- _Extracted records_
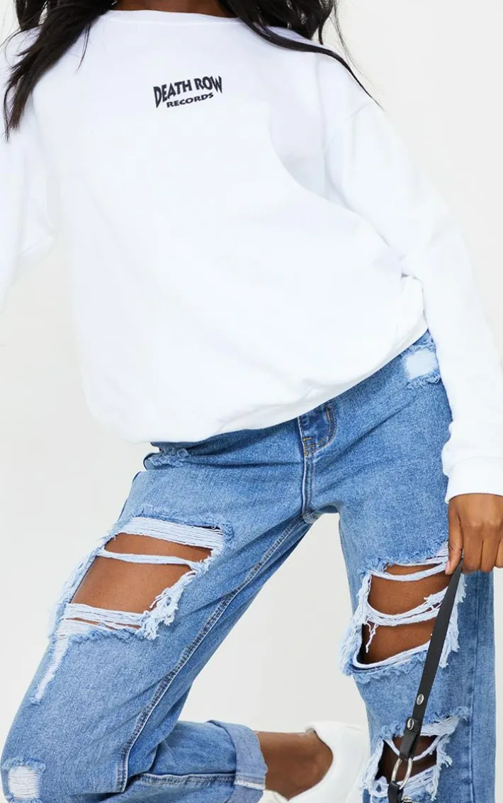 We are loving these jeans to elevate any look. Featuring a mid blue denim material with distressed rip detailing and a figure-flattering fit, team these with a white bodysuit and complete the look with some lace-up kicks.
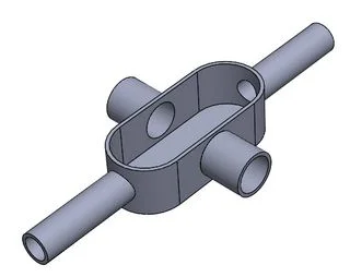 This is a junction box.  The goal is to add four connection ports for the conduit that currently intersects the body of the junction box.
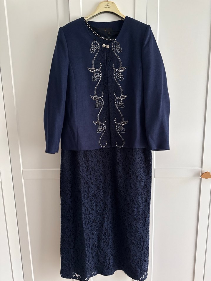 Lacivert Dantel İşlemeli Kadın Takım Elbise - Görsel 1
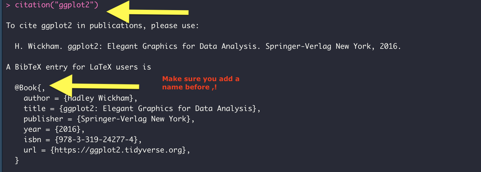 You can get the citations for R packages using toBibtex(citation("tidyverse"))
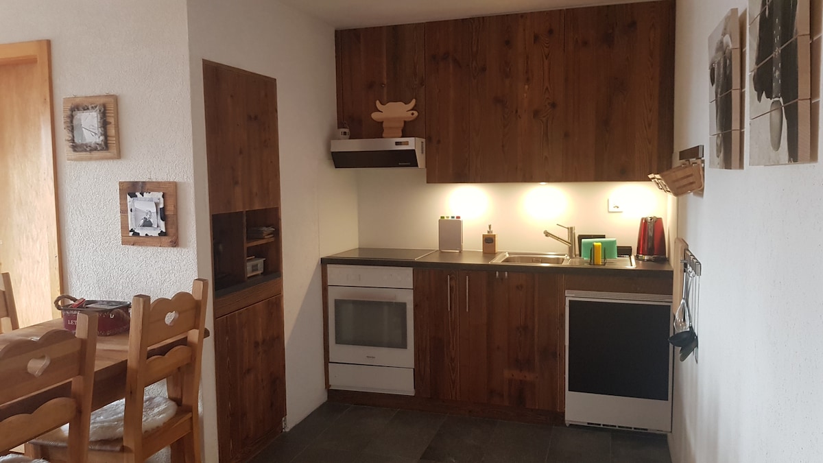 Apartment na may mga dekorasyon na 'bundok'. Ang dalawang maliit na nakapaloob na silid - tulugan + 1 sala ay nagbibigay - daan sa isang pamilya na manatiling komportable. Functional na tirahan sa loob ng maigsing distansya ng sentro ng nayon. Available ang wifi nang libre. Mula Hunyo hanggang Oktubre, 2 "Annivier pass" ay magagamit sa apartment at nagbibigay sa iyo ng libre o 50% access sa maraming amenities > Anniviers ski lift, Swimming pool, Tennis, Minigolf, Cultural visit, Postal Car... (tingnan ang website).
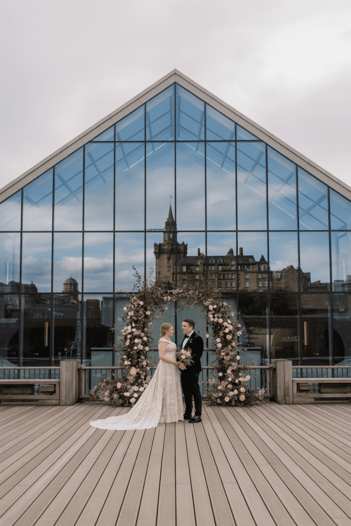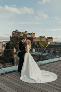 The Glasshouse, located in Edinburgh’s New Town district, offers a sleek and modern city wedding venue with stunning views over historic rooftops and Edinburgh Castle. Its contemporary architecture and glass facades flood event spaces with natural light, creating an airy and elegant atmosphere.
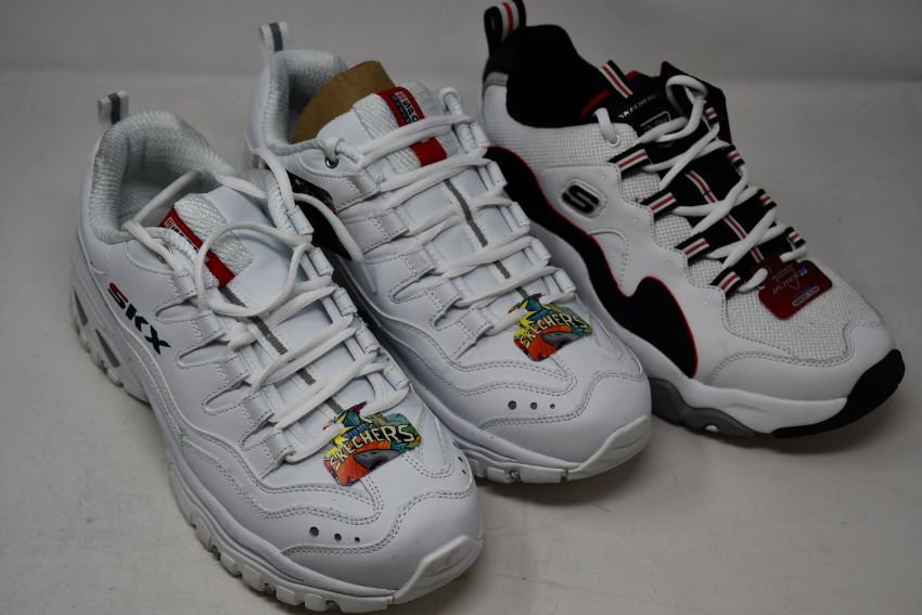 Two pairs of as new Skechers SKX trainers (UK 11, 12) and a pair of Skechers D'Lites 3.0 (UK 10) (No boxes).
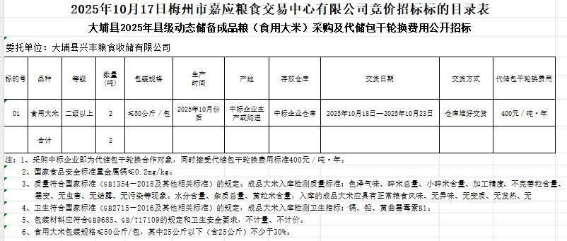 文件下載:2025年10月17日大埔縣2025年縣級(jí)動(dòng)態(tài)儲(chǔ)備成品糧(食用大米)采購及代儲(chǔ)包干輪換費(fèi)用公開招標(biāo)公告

- _TASK PROMPT_
Copy the preceding data in full and word for word, dropping its pictures.

- _RESPONSE TO THIS EXERCISE_
 We are loving these jeans to elevate any look. Featuring a mid blue denim material with distressed rip detailing and a figure-flattering fit, team these with a white bodysuit and complete the look with some lace-up kicks.
 This is a junction box.  The goal is to add four connection ports for the conduit that currently intersects the body of the junction box.
 Lacivert Dantel İşlemeli Kadın Takım Elbise - Görsel 1
 You can get the citations for R packages using toBibtex(citation("tidyverse"))
 Apartment na may mga dekorasyon na 'bundok'. Ang dalawang maliit na nakapaloob na silid - tulugan + 1 sala ay nagbibigay - daan sa isang pamilya na manatiling komportable. Functional na tirahan sa loob ng maigsing distansya ng sentro ng nayon. Available ang wifi nang libre. Mula Hunyo hanggang Oktubre, 2 "Annivier pass" ay magagamit sa apartment at nagbibigay sa iyo ng libre o 50% access sa maraming amenities > Anniviers ski lift, Swimming pool, Tennis, Minigolf, Cultural visit, Postal Car... (tingnan ang website).
 The Glasshouse, located in Edinburgh’s New Town district, offers a sleek and modern city wedding venue with stunning views over historic rooftops and Edinburgh Castle. Its contemporary architecture and glass facades flood event spaces with natural light, creating an airy and elegant atmosphere.
 Two pairs of as new Skechers SKX trainers (UK 11, 12) and a pair of Skechers D'Lites 3.0 (UK 10) (No boxes).
 文件下載:2025年10月17日大埔縣2025年縣級(jí)動(dòng)態(tài)儲(chǔ)備成品糧(食用大米)采購及代儲(chǔ)包干輪換費(fèi)用公開招標(biāo)公告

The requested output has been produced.